Professor Hasday goes on to say that the reason Alito cites Hale is that he wants to establish that the early American legal system was opposed to abortion. But Alito botches the history. Although little remarked on, the American Historical Association and the Organization of American Historians issued a joint statement criticizing the Court decision.

They wrote, “… the court denies the strong presence in U.S. history and traditions at least from the Revolution to the Civil War of women’s ability to terminate pregnancy before the third to fourth month without intervention by the state.”

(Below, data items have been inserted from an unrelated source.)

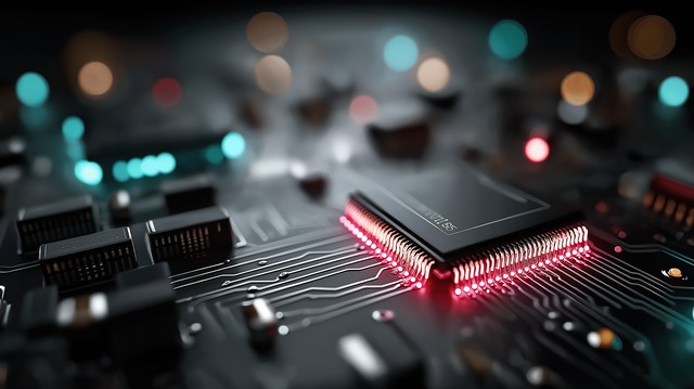 带有霓虹灯的未来发光电路,象征着先进技术和数字创新
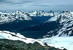 ![]() The river valley seen from the edge of the Harding Icefield | |
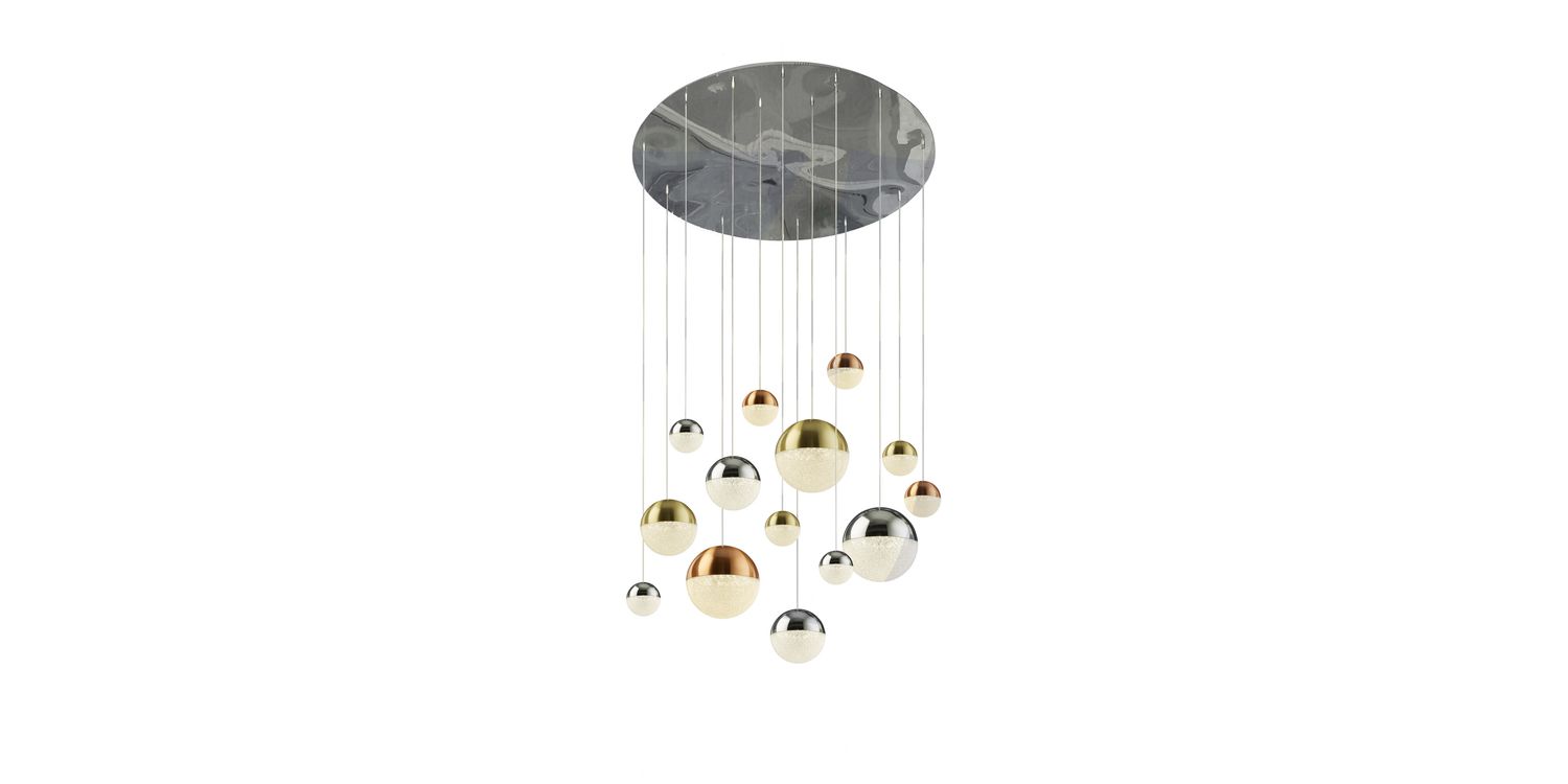 The Planets pendant has a rounded chrome ceiling plate that holds 14 Multi-drop balls with copper, chrome and satin brass finish; also Detailed with crystal sanded shades. The integrated LED pendant also features a height adjustable cable and dimmer switch. LED's use up to 75% less energy and last up to 20 times longer than incandescent bulbs. 3000mm H x 700mm W x 700mm L 3000mm Total Height Bulb Type- LED Intergrated
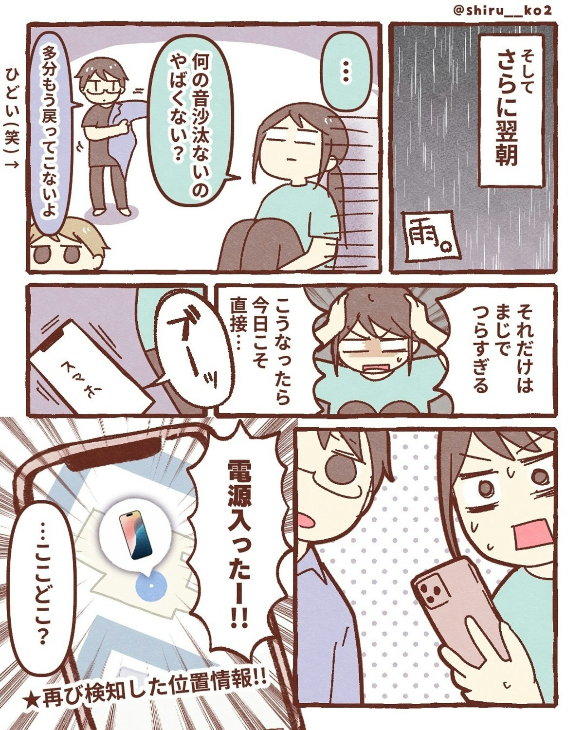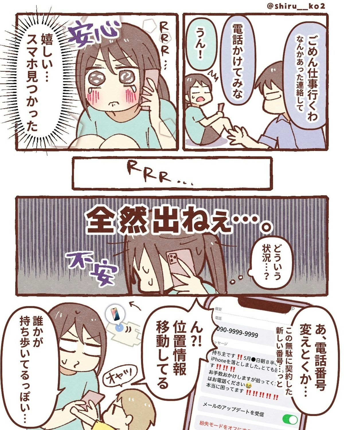 電源が入り、スマホの位置情報がわかったことで、電話をかけてみた しる子さん。電話はつながりませんでしたが、位置情報が移動していることに気づきます。すると、突然、電話が鳴り…。

The Court majority chose to disregard the historians. Before the Dobbs decision, both American historian organizations had written an amicus brief outlining the historical and legal precedents of abortion in the U.S. The amicus cut directly against Alito’s argument that abortion was not deeply rooted in American history.

How anachronistic and messed up is it that Alito would rely on a man from the Dark Ages who believed women could be witches as his authority on reproductive rights? Even by 17th century, Hale was considered a misogynist. Back then, many were already doubting allegations of witchcraft.

By sending abortion back to the states. Alito knowingly is transferring power back to the white right-wing men who control so many state legislatures. He knows his decision will result in abortion care being severely restricted or outlawed in roughly half the states. Now we can return to the era of coat-hanger abortions.

The Republican Party owns this debacle. This was their male supremacist project for the last 40 years. As happened in Kansas, the voters must make them pay.